● Exercise directions: Please write out exactly the lines of the data below from the line holding "Eingangsseite 1915, in" through the line holding "TOC/% | 含气量/(m3/t) |", and leave out the rest.

● Record extracts:
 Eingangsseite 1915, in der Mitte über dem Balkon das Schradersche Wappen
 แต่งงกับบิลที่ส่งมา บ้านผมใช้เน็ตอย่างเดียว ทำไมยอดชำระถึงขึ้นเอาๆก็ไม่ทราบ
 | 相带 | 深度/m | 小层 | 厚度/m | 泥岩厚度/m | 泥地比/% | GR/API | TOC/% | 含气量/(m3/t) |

* * *

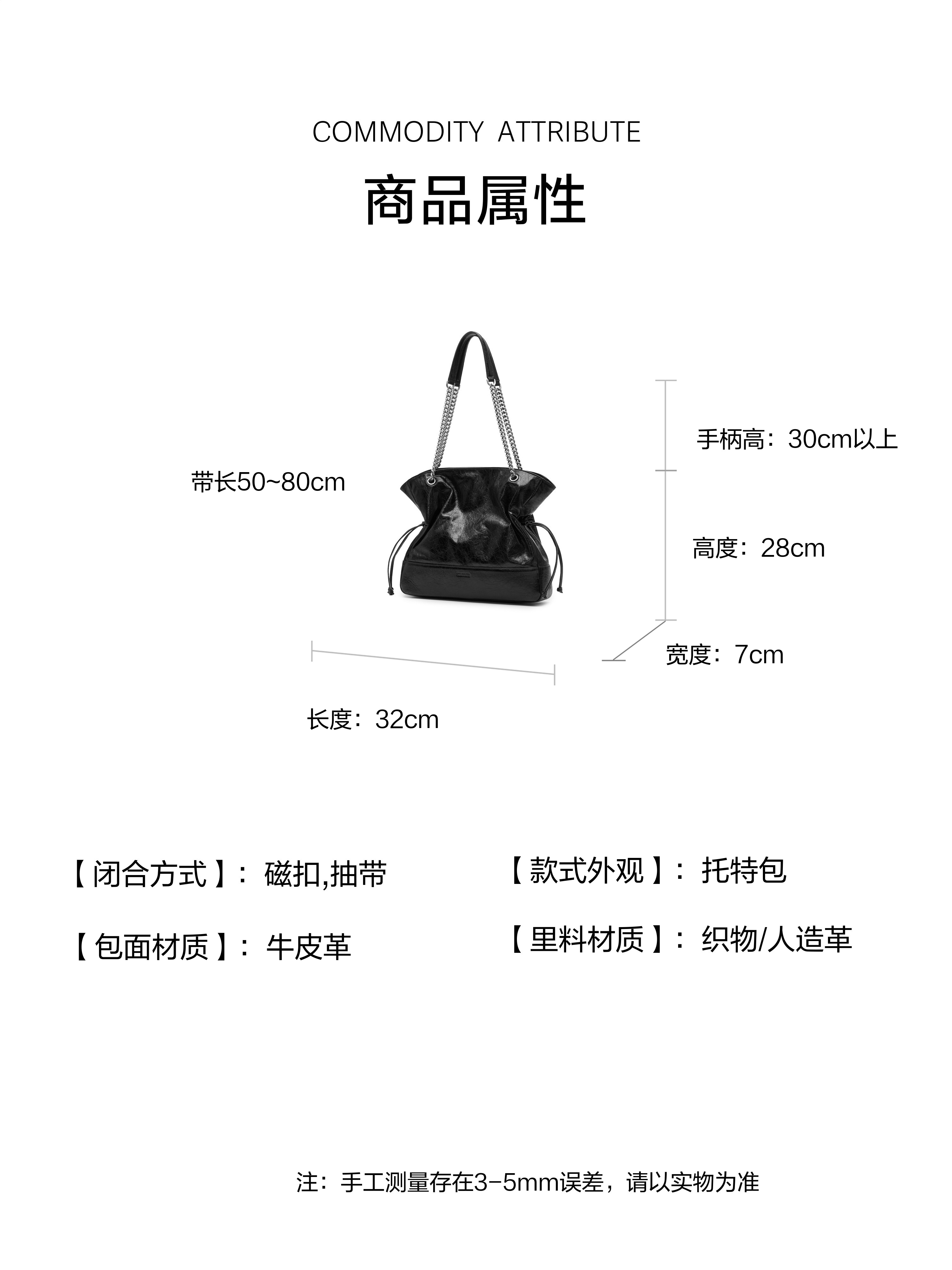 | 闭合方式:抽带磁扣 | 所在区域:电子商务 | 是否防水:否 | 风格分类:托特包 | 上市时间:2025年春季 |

* * *

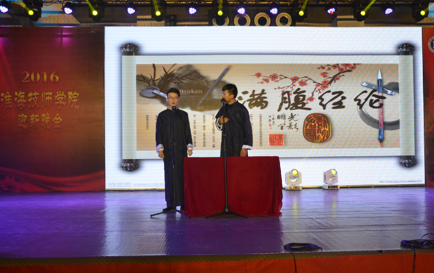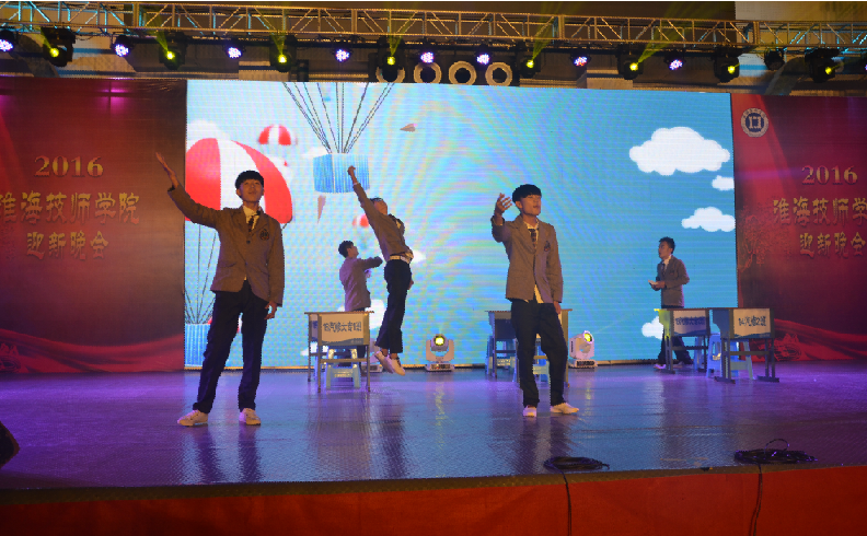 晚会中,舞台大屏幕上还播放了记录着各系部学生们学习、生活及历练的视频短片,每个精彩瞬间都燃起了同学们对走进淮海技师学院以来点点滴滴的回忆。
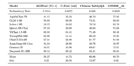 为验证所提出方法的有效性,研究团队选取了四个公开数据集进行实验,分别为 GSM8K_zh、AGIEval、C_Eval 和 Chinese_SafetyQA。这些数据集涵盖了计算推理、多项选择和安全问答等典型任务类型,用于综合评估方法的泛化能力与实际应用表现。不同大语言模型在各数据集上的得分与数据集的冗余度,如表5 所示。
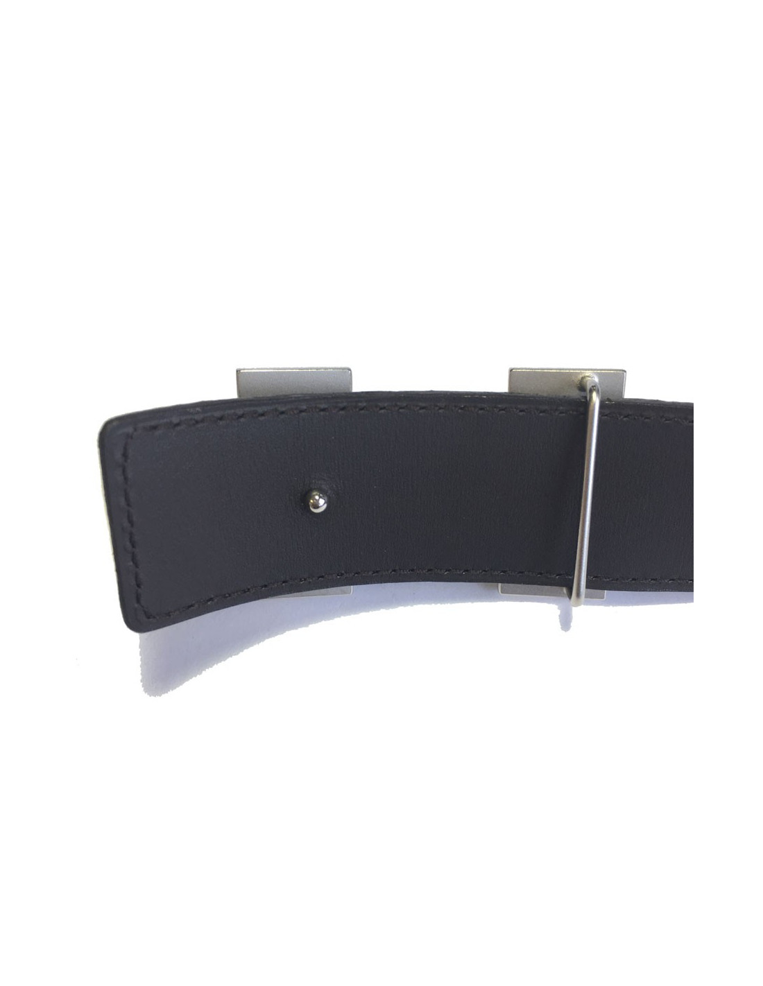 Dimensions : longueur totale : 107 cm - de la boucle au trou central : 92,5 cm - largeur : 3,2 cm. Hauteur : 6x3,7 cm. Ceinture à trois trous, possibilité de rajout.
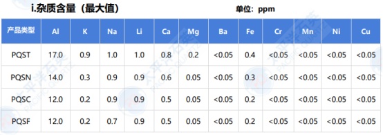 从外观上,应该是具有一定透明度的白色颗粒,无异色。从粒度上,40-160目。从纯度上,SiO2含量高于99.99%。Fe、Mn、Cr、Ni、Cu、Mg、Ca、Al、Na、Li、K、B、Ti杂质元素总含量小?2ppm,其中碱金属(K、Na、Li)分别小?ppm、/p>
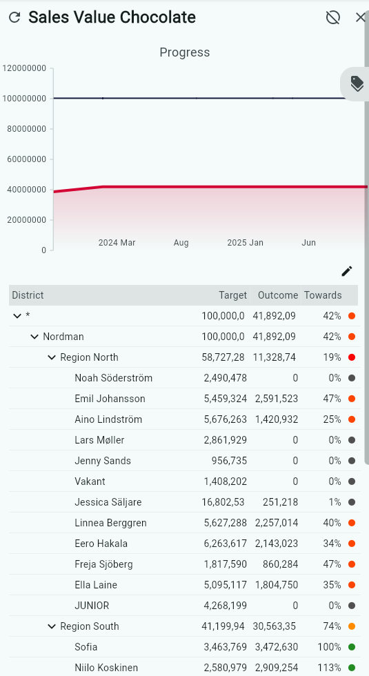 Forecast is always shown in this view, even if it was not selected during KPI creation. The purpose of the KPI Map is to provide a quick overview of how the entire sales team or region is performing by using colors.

● Answer:
 Eingangsseite 1915, in der Mitte über dem Balkon das Schradersche Wappen
 แต่งงกับบิลที่ส่งมา บ้านผมใช้เน็ตอย่างเดียว ทำไมยอดชำระถึงขึ้นเอาๆก็ไม่ทราบ
 | 相带 | 深度/m | 小层 | 厚度/m | 泥岩厚度/m | 泥地比/% | GR/API | TOC/% | 含气量/(m3/t) |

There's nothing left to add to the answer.